The Bondholder Action
In March 2004 the District Court issued an opinion and order (collectively, the “Decision”) in the Bondholder Action, directing the entry of judgment in favor of Fleet and GECC. The Liquidation Trust appealed the Decision, and in July 2005 the Court of Appeals issued its Opinion affirming the March 2004 Decision. The Liquidation Trust’s motion for reconsideration and reversal of the Court of Appeals Opinion was denied by the Court of Appeals during August 2005, and the Liquidation Trust has determined not to pursue the action further. Subsequent to June 30, 2006, the Liquidation Trust, Fleet and GECC reached an agreement in principle to settle all claims, the terms of which are described immediately below.
The Committee Action
During July 2005, the District Court issued a memorandum opinion and order on pending summary judgment motions (collectively, the “Summary Judgment Decision”), dismissing the Liquidation Trust’s claims against Fleet Retail, GECC, and certain other defendants in the Committee Action. During August 2005, the District Court substantively denied the Liquidation Trust’s motion for reconsideration of the Summary Judgment Decision. During December 2005, the Liquidation Trust filed with the Court of
12
Appeals its notice of appeal from the Summary Judgment Decision and related judgment in the Committee Action. A March 2006 mediation ordered and conducted by the Third Circuit Court of Appeals did not result in a settlement among the remaining parties to the Committee Action.

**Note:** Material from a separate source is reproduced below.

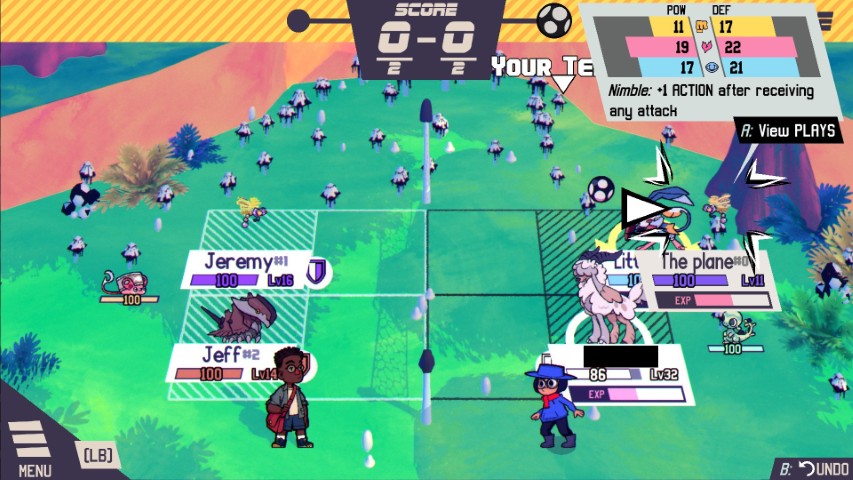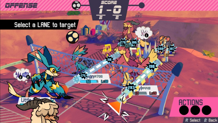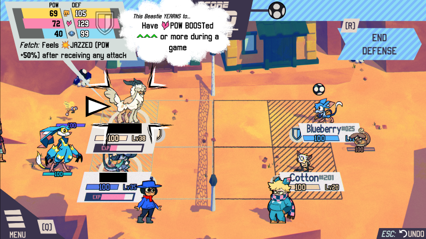 While attacking, you can do volleys that give your ally additional stats that may help you, you can also give certain effects to enemies so their attacks are less effective, there is also effects that affect the playing field itself (like an earthquake effect that damages the enemy team per turn, or spikes that damage those who are getting tagged in and out from the field). Certain beasties have traits, for example, there is this beastie I have called Fetcham who can catch the ball and allows them to immediately hit the ball without the need of volleying. There is another beastie called Illugus that places a spike effect that damages those who are tagged in, and there was another UFO looking motherfucker that has a tractor beam that prevents the beastie affected by it from moving.
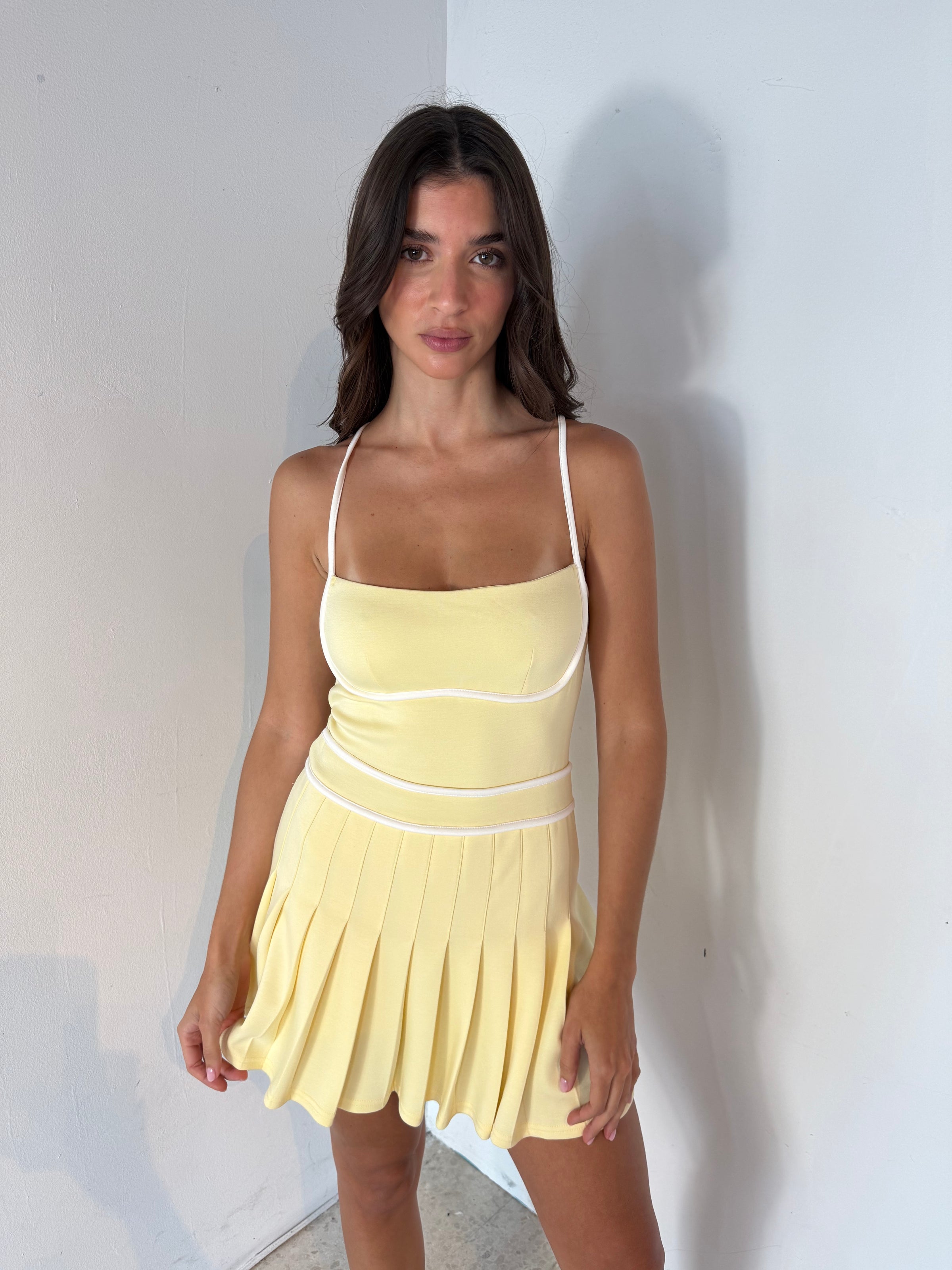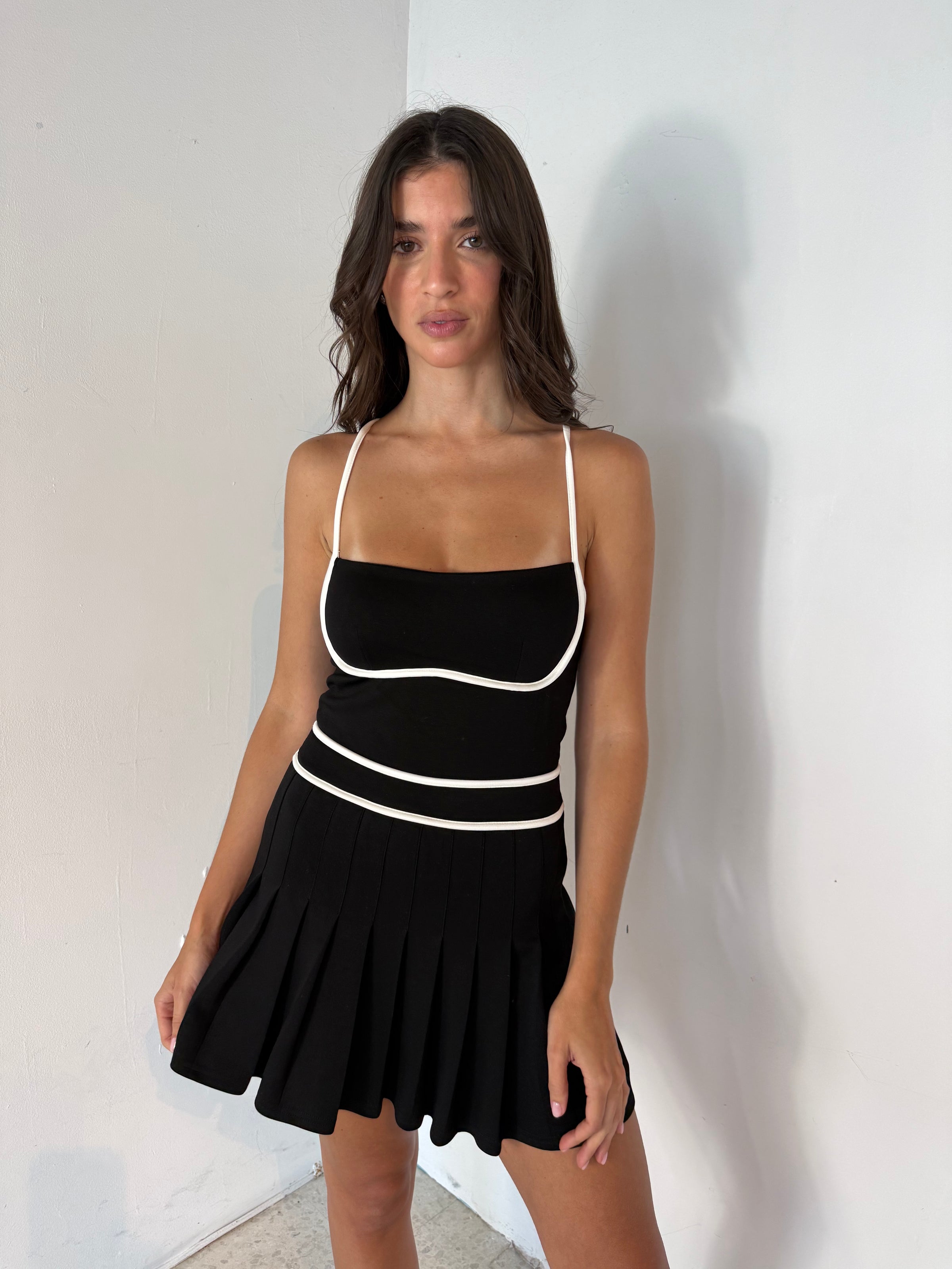 Scuba Pleated Romper Dress

The Liquidation Trust continued to negotiate with some of the remaining parties, reaching an agreement in principle with both Fleet and GECC subsequent to June 30, 2006. Subject to certain conditions, including Fleet documenting certain expenditures to the satisfaction of the Liquidation Trustee, the Liquidation Trust, Fleet and GECC have agreed in principle to release each other from further claims and, upon payment to Fleet of $8.3 million of the $11.0 million Fleet Reserve, Fleet and GECC will release any claim to the balance of the Fleet Reserve. The settlement is also subject to the approval of the Bankruptcy Court. The settlement in principle has no effect on the Liquidation Trust’s claims against any other defendant in the Committee Action.
During September 2005, the Liquidation Trust reached a settlement with the Officer and Director Defendants with respect to the Committee Action. Under the terms of the agreement, $7.0 million in cash was paid to the Liquidation Trust during October 2005, and the Liquidation Trust dismissed the Committee Action as against the Officer and Director Defendants. The settlement had no effect on the Liquidation Trust’s claims against any other defendant in the Committee Action.
The various remaining defendants are vigorously opposing this action. There is no assurance that the Liquidation Trust will prevail on the appeal filed with respect to the Committee Action. While the Liquidation Trust is vigorously pursuing this litigation with the intent to obtain a very substantial recovery, the Liquidation Trust cannot predict with any certainty the outcome of the litigation or the amount or range of potential recoveries.
13
Item 2. Management’s Discussion and Analysis of Financial Condition and Results of Operations
Reference is made to the unaudited financial statements of the Liquidation Trust as of June 30, 2006 and September 30, 2005 and for the three months and the nine months ended June 30, 2006 and June 30, 2005, and the notes thereto (the “Unaudited Liquidation Trust Financial Statements”), included as Item 1. of this Form 10-Q. The following information concerning the Liquidation Trust’s financial performance and condition should be read in conjunction with the audited Liquidation Trust financial statements as of September 30, 2005 and September 30, 2004, and for the fiscal years ended September 30, 2005, September 30, 2004 and September 30, 2003, and the notes thereto.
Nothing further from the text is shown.